Closed drozzy closed 5 years ago
Hierarchical Actor Critic is ONLY for continuous tasks (Hier-Q, as described in the paper, is for discrete tasks, but is NOT implemented in this repo).
Coming back to your question of defining goal,
The state space of pendulum task in the official gym implementation includes the variables [angular velocity, sine theta, cosine theta]
. This state is difficult for the hierarchical policies to predict, since they also need to learn the relation between sine and cosine to predict the right goal state. So, I have modified the state space to include only [angular velocity, normalized theta]
. This gives reasonable performance, although its not consistent. (the modified file is available in the gym folder)
I tried with the following hyerparameters:
#################### Hyperparameters ####################
env_name = "Pendulum-v0"
save_episode = 10 # keep saving every n episodes
max_episodes = 1000 # max num of training episodes
random_seed = 0
render = True
env = gym.make(env_name)
state_dim = 2
action_dim = env.action_space.shape[0]
# primitive action bounds and offset
action_bounds = env.action_space.high[0]
action_offset = np.array([0.0])
action_offset = torch.FloatTensor(action_offset.reshape(1, -1)).to(device)
action_clip_low = np.array([-1.0 * action_bounds])
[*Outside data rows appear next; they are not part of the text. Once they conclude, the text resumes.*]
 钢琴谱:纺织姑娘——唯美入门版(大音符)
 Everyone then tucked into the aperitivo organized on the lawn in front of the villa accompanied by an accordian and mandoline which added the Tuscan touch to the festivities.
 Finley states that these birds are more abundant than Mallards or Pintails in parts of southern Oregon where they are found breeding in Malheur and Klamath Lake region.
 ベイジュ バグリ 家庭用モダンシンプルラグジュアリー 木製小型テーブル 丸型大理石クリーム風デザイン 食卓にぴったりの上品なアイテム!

action_clip_high = np.array([action_bounds])
# state bounds and offset
state_bounds_np = np.array([np.pi, 8.0])
state_bounds = torch.FloatTensor(state_bounds_np.reshape(1, -1)).to(device)
state_offset = np.array([0.0, 0.0])
state_offset = torch.FloatTensor(state_offset.reshape(1, -1)).to(device)
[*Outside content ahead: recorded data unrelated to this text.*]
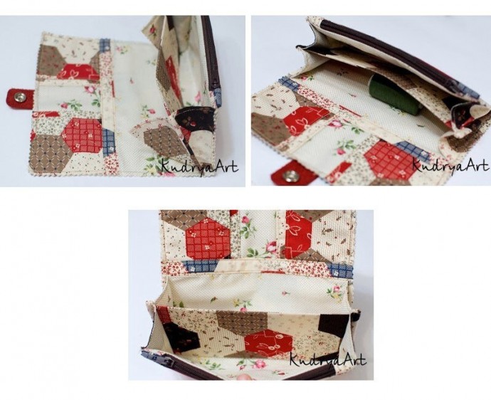 КошелекКошелек может быть сшит вместе с сумкой из ткани и быть с ней в одном стиле.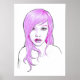 Coloured pencils and pen drawing. Cartoon portrait of a pink-haired girl.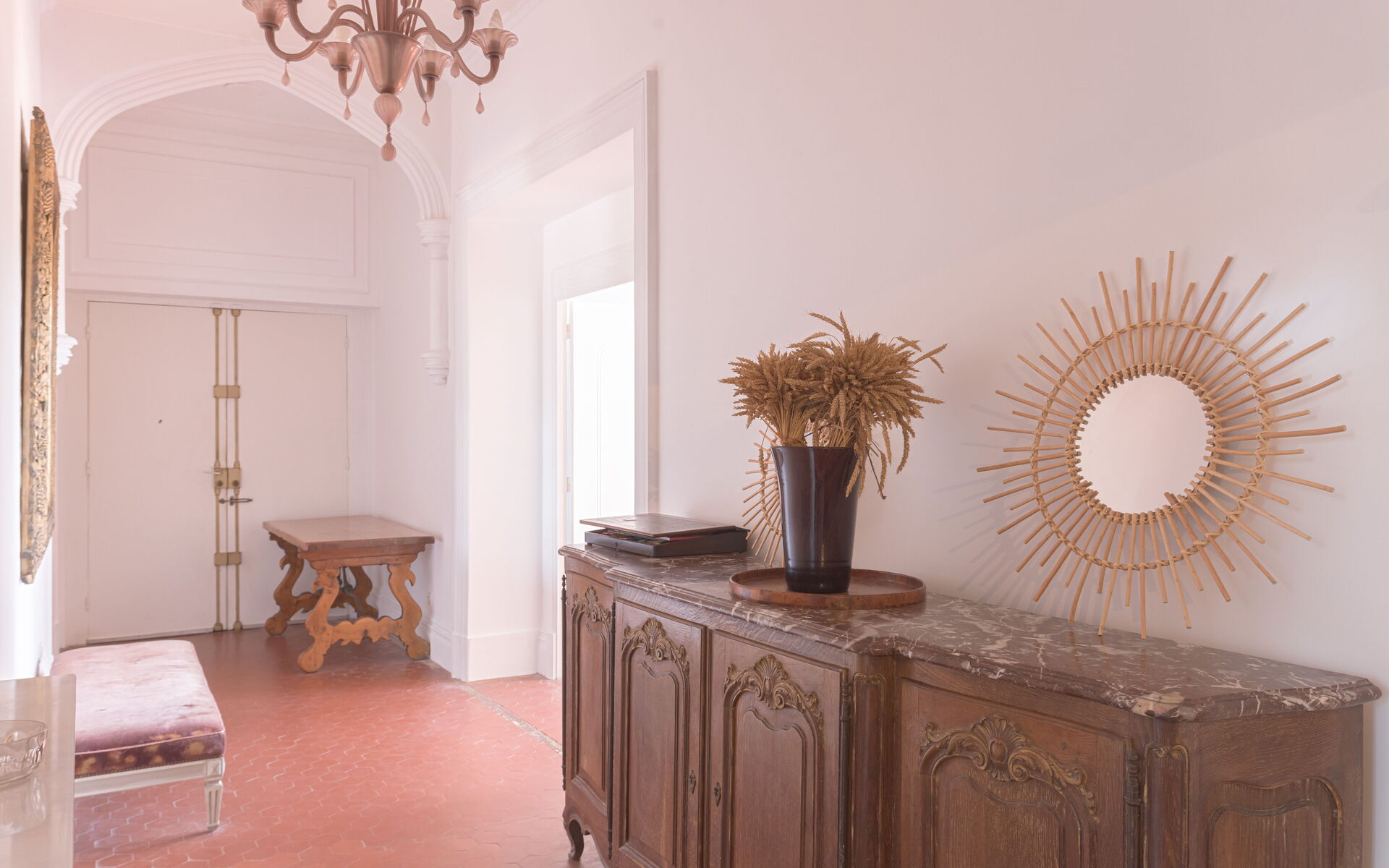 - Séjour avec belle hauteur sous plafond et tomettes au sol + salle à manger

state_clip_low = np.array([-np.pi, -8.0])
state_clip_high = np.array([np.pi, 8.0])
# exploration noise std for primitive action and subgoals
exploration_action_noise = np.array([0.1])
exploration_state_noise = np.array([np.deg2rad(10), 0.4])
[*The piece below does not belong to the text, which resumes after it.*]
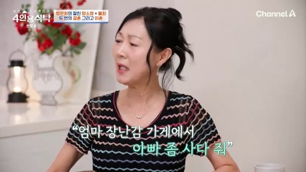 채널A‘절친토큐멘터리4인용식탁’캡처채널A‘절친토큐멘터리4인용식탁’캡처채널A‘절친토큐멘터리4인용식탁’캡처[뉴스엔유경상기자]방은희“제일잘한건이혼,제일못한건결혼,아들은잘낳아”2번이혼한방은희가과거재혼이유를고백했다.9월29일방송된채널A‘절친토큐멘터리4인용식탁’에서는배우방은희가절친양소영변호사,배우율희를초대했다.방은희는“나는세상에서제일잘못한게결혼이다.두번을하면뭐하냐.사랑없이결혼을했다.처음에만나자마자33일만에결혼,두번째는30일만에결혼했다”며“연애자체를중요하게생각안했던거다.솔직하게말해서.덧없는거다.그리고교만했다.결혼이별거야?같이친구처럼살면되지.그건나만의생각이었던거다.같이그랬어야했는데같이못그래서내가실패한거다.어리석은거다.내가나를사랑하지않아서그런거”라고2번의이혼이유를자평했다.이어방은희는“사랑에대해연기하는데사랑이뭔지모르겠다.제일잘한건이혼,제일못한건결혼,하지만결혼속에잘한건아들을낳은것.아이를낳았을때내가여자인것에너무감사했다.그전에는내가여자인게너무싫었다.그때는내가여자인게행복했다.내가살아있는이유,내존재의이유다”고아들사랑을드러냈다.방은희는두번째결혼이유에대해“두번째는정말안하려고했다.남자친구는사귀겠다.하지만결혼은안하겠다.아들이3살때‘엄마장난감가게에서아빠좀사다줘’정말미어터진다.그러고그노래있잖아.‘아빠힘내세요’유치원가서그런노래를하잖아.내앞에서하다가갑자기순간멈칫했다가웃으면서‘엄마힘내세요’그러면미친다”고‘아빠힘내세요’노래가사를엄마로개사해부르던아들의모습을떠올리며눈물을보였다.방은희는“정말사랑그런거없이엔터대표고강한사람이라고하니그런사람이면우리아이아빠가돼줄수있겠다한거다.그런데생각보다.그쪽도재혼인데아이가없다.없으니까모르는거다.같이식사를하는데대화도없고”라며원하던가족을이루지못했다고했다.양소영변호사가“(내아들이)사랑받는다는느낌이없어서슬퍼서이혼을한거”라며안타까워했다.방은희는“내가오죽하면그랬겠냐.아들에게상의를했다.엄마이혼하면아들어떨거같아?그느낌을아니까.엄마,나때문에그러지마.엄마를위해서살아.너무빨리성숙해서미안할정도다.상의를한건중학교때다.고등학교때도장을찍었다.너무미안하다”고아들을향한미안함을고백했다.박경림은“아들이든든한엄마편”이라며부러움을드러냈다.방은희는“아들이어릴때부터촬영장을데리고다녔다.어느날쫑파티2차노래방에가면마이크들고있는거다.노래를안들려줬다.연예계관심가질까봐.너무어릴때부터연예인되는게싫다.안쓰럽다.똑똑한애들이하는건데내아이는평범했으면좋겠다.평범함이가장아름답다.어느날소녀시대노래를부르더라.내가들려준적이없는데.매니저가듣고바로외웠다는거다.지금은영화감독을꿈꾸고있다”며아들이미국보스턴에있는터프츠대학교재학중이라밝혔다.박경림이“아드님이영화감독님이되면어머니를?”캐스팅할계획인지묻자방은희는“졸업작품부터세작품은돈안받고해주기로했고그다음부터는돈을줘야한다.기브앤테이크다.세상에공짜없다”고답했다.방은희는“내가지금은매니저없이혼자다니니까아들이매니저도해준다”고자랑했고,박경림이“아들이일당백이다.매니저이자친구”라고감탄하자“아빠,남편,오빠,동생,아들.남자의모든걸다해주는것같다”고아들을자랑했다.(사진=채널A‘절친토큐멘터리4인용식탁’캡처)뉴스엔유경상yooks@기사제보및보도자료[email protected]ⓒ뉴스엔.무단전재&재배포금지Copyright©뉴스엔.무단전재및재배포금지.

goal_state = np.array([0, 0]) # final goal state to be achived
threshold = np.array([np.deg2rad(10), 0.05]) # threshold value to check if goal state is achieved
# HAC parameters:
k_level = 2 # num of levels in hierarchy
H = 20 # time horizon to achieve subgoal
lamda = 0.3 # subgoal testing parameter
# DDPG parameters:
gamma = 0.95 # discount factor for future rewards
n_iter = 100 # update policy n_iter times in one DDPG update
batch_size = 100 # num of transitions sampled from replay buffer
lr = 0.001
# save trained models
directory = "./".format(env_name, k_level)
filename = "HAC_{}".format(env_name)
#########################################################
Thanks, exactly what I was looking for.
I’m just curious how did you define a goal for the pendulum task because it is continuous task in nature?